» Given records:
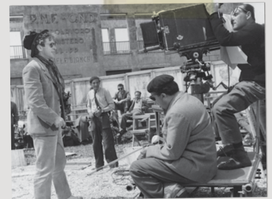
Fellini with the Mad (Richard Basehart) on the set La Strada
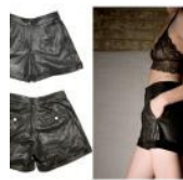
Spring Trends – Hare and Hart Pieces You'll Want To Wear Now!
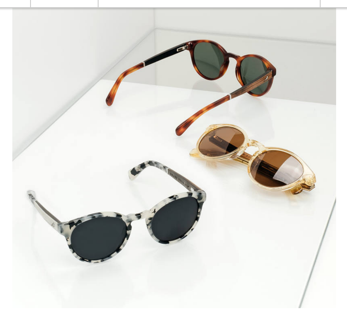
Special Wishlist Time to Support Small and Sustainable Brands
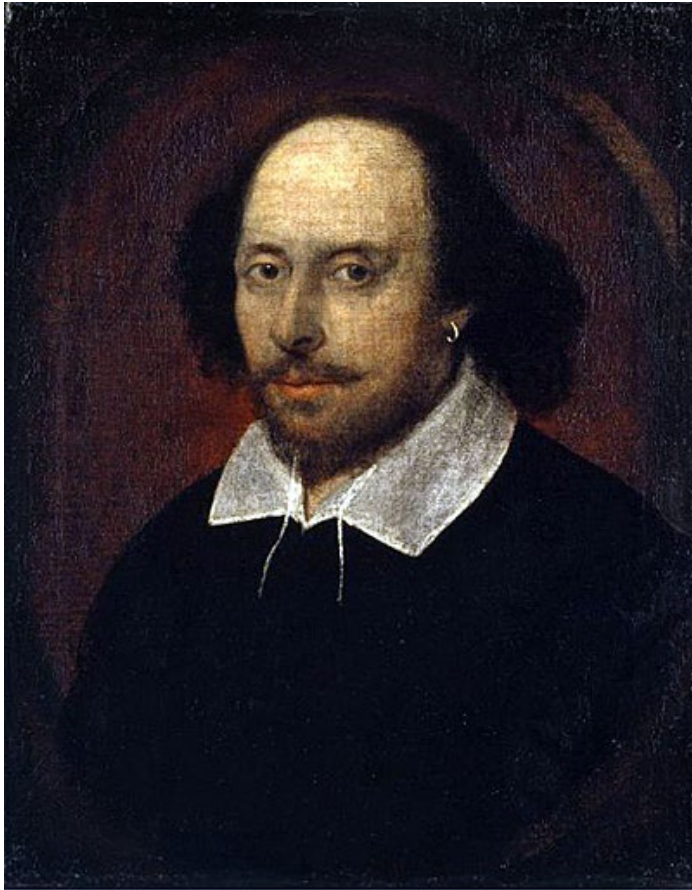
The Chandos Portrait of William Shakespeare. Artist unknown.

WILLIAM SHAKESPEARE (1564-1616), poet, playwright and actor, was born to Mary Arden and John Shakespeare in Stratford-Upon-Avon, England on April 23, 1564.
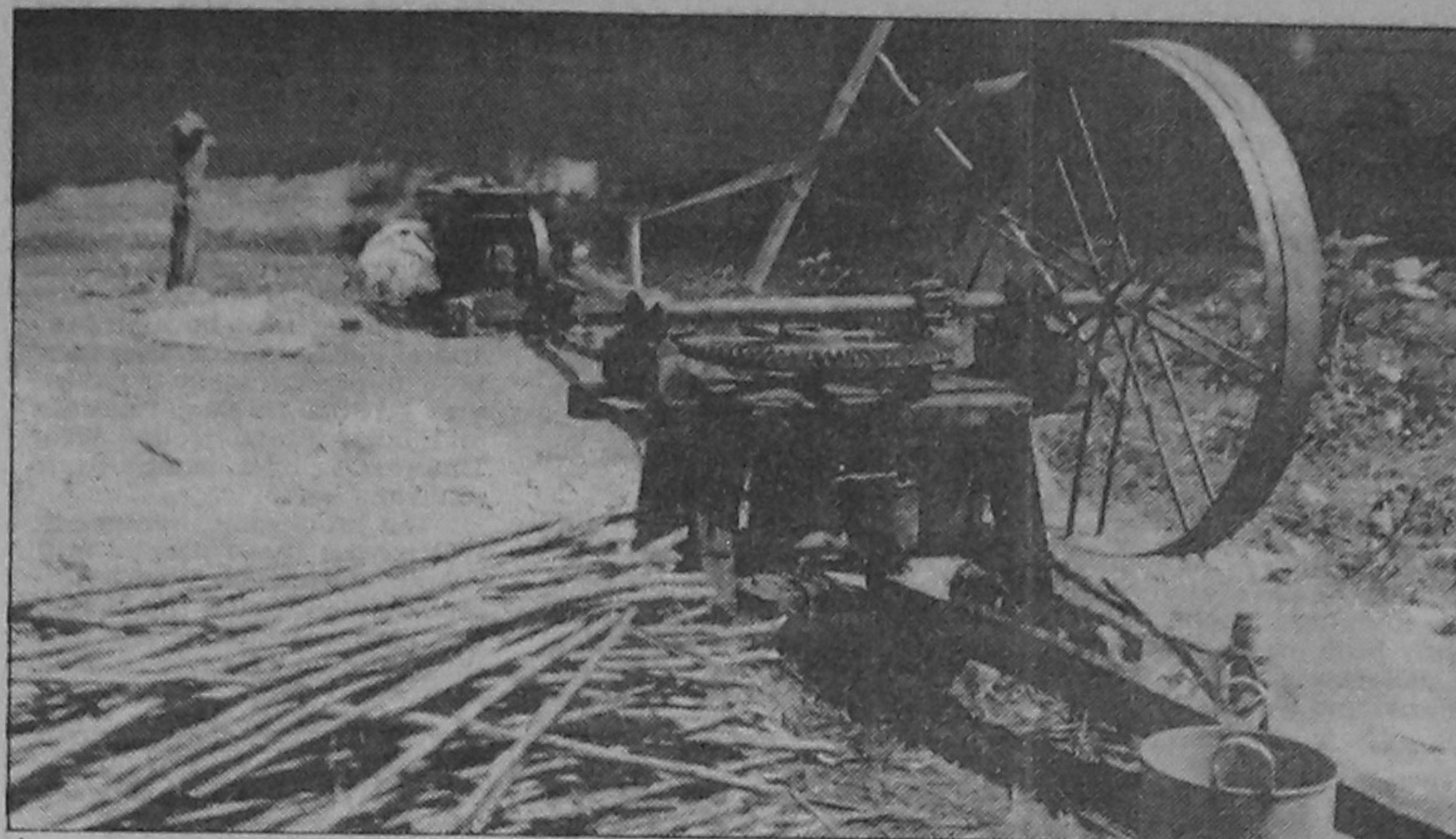
A power crusher is seen at a village under Natore district.

» Exercise instructions: The response must restate exactly the lines from the one containing "Spring Trends –" through the end of the records above and must leave out all pictures.

» Output of the task:
Spring Trends – Hare and Hart Pieces You'll Want To Wear Now!
Special Wishlist Time to Support Small and Sustainable Brands
The Chandos Portrait of William Shakespeare. Artist unknown.

WILLIAM SHAKESPEARE (1564-1616), poet, playwright and actor, was born to Mary Arden and John Shakespeare in Stratford-Upon-Avon, England on April 23, 1564.
A power crusher is seen at a village under Natore district.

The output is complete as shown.